The wedding looks a lot like any other movie wedding: the bride is wearing white, the photographers’ lights are flashing, and the groom appears pleased with himself. Following the ceremony, the newlyweds rush back to his apartment, strewn with cameras, bulbs, and contact sheets. They’ve got a flight in an hour, Jane (Rachael Taylor) says, to accommodate Ben’s (Joshua Jackson) professional schedule. Ben’s grateful that his wife is so obliging, of course. But hey, he exults as they tumble into bed for a quick consummation, “The first stamp on your new passport will be Japan!”
Uh-oh: Jane’s in trouble now. In Asian Extreme horror remakes, bad things always happen to unsuspecting blond girls when they head East. In fact, Shutter is based on a 2004 Thai film, by Banjong Pisanthanakun and Parkpoom Wongpoom, in which an unmarried couple living in Bangkok ran into ghosty crises. The shift in the remake’s race and nation particulars underscores Jane’s isolation as she’s suddenly immersed in Ben’s bad past. As she finds out, he’s worked before in Tokyo: their stay this time is facilitated by the company, which provides an apartment, studio, and pretty assistant, Seiko (Maya Hazen). He also introduces Jane to a couple of Caucasian buddies, lumpy Bruno (David Denman) and slimy fashion photographer Adam (John Hensley), their ugly-Americanish camaraderie immediately odious.

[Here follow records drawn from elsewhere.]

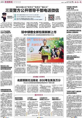 海南日报报业集团旗下媒体: 海南日报 |南国都市报 |南海网 |南岛晚报 |证券导报 |法制时报 |海南农垦报 设为首页
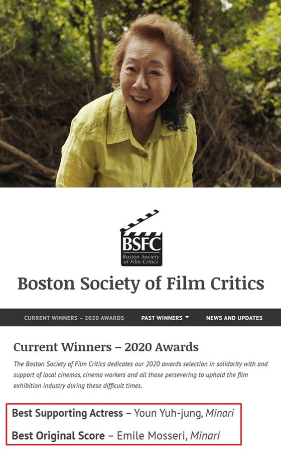 2021 오스카 유력 후보작으로 예측되는 '미나리'가 보스턴비평가협회(Boston Society of Film Critics, BSFC)에서 여우조연상, 주제가상을 수상하는 쾌거를 이뤘다. 또한 미국 인디와이어 '올해 최고의 여자배우 BEST13'에 배우 윤여정이 선정됐다.
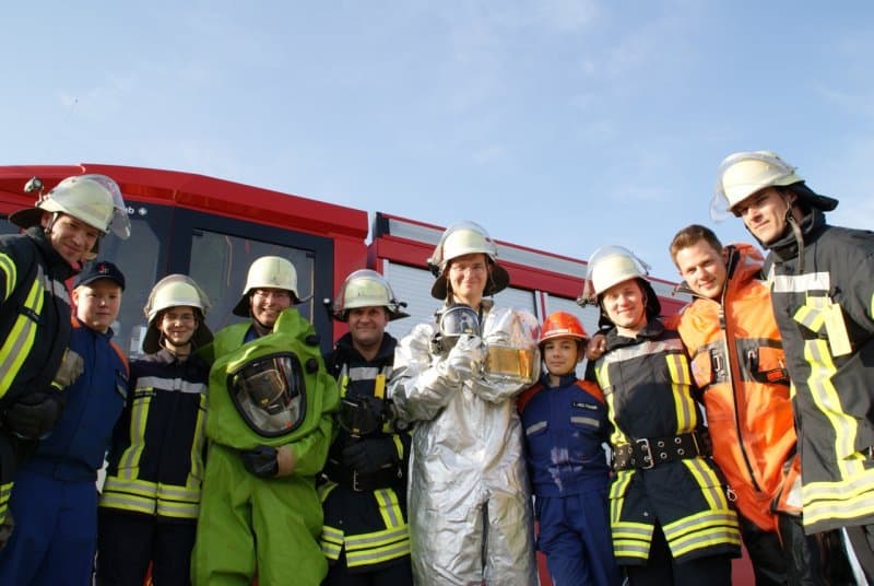 Das Foto zur Bewerbung zeigt Einsatzkräfte der Feuerwehr und Mitglieder der Jugendfeuerwehr.

As tends to happen in Asian horror movies, the trouble Jane encounters has to do with a vengeful ghost. This one appears within minutes, as Jane drives them to a countryside cabin for a getaway weekend: it’s dark, the road is deserted, and she slams into a girl wearing a baggy white dress and miserable expression. Ben hasn’t seen the girl, however, which means that after they spin off the road into a tree and pass out for a few hours, he’s disinclined to believe Jane that she’s killed someone (this despite the loud grinding and bumping beneath the rental car’s wheels). Thus begins Jane’s ordeal: her husband is not only deeply involved in his apparently important assignment (shooting Japanese high-fashion models in colorful traditional costumes at various locations), but he’s also inclined to disbelieve her and/or lie to her.

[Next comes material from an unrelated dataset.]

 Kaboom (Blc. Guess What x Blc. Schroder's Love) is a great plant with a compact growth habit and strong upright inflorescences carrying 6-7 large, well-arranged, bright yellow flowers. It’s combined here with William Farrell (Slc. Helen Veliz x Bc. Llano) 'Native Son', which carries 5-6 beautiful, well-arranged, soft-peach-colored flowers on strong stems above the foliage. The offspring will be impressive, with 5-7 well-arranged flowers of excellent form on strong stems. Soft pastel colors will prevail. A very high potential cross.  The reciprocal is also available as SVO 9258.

It’s only a matter of time before Jane begins investigating on her own, being a plucky American feeling alienated amid Tokyo’s crowded streets and neon signage. She pulls out her guidebook and rides the metro, where she predictably spots the ghost of the girl she thinks she hit. She also starts researching “spirit photos,” in which whooshy white lights or actual figures appear alongside the ostensible material world subjects. Conveniently, Seiko’s ex (James Kyson Lee) runs a magazine devoted to the subject, and provides helpful exposition: the images are “connecting us with the unseen, trying to tell us something,” Ritsuo says, about “unrequited love or unfinished business.” He sums up, “I think it’s a case of strong emotions making themselves heard.” Hmmm, Jane furrows her brow. “Like a message.”
In fact, the message this time has everything to do with race and gender differences. Turns out that the girl in the road, who begins showing up in Ben’s dark room as well as in his photos, is someone he knew the last time he was in Tokyo, a sad-faced translator named Megumi (Megumi Okina). When Jane insists they visit a medium (“a man that people go to to cleanse their spirits,” she says), Ben resists (“A fortune teller?!”). But then Ben is also disinclined to translate what the medium says, with no small display of anxiety. “He said there’s nothing we can do,” he says, hurrying Jane out of the man’s office, then back to their loft, where she can stew about his deceits and her frustrations.
Before you can say “miscegenation,” Jane’s digging into her husband’s past relationship with Megumi and discovering all kinds of nasty secrets. For all Shutter‘s pedestrian plotting and ho-hum scares, this detail of the ghost’s motivation gives pause. It’s hardly news that in a scary movie, a white girl wandering through Tokyo is frightened and harassed by some supernatural phenomenon. But Shutter is almost perversely upfront in connecting privileged, self-justifying white boys with the problem at its core.
The movie doesn’t precisely investigate this connection, and even leaves those white boys looking more inept than scheming when facing the spirit’s awful vengeance. But it does grant Jane a moment of revelation, in which she suddenly shares a sense of victimization with Megumi rather than feeling victimized by her. Jane can’t see the context — as she’s essentially exited from the movie at this point — but you might.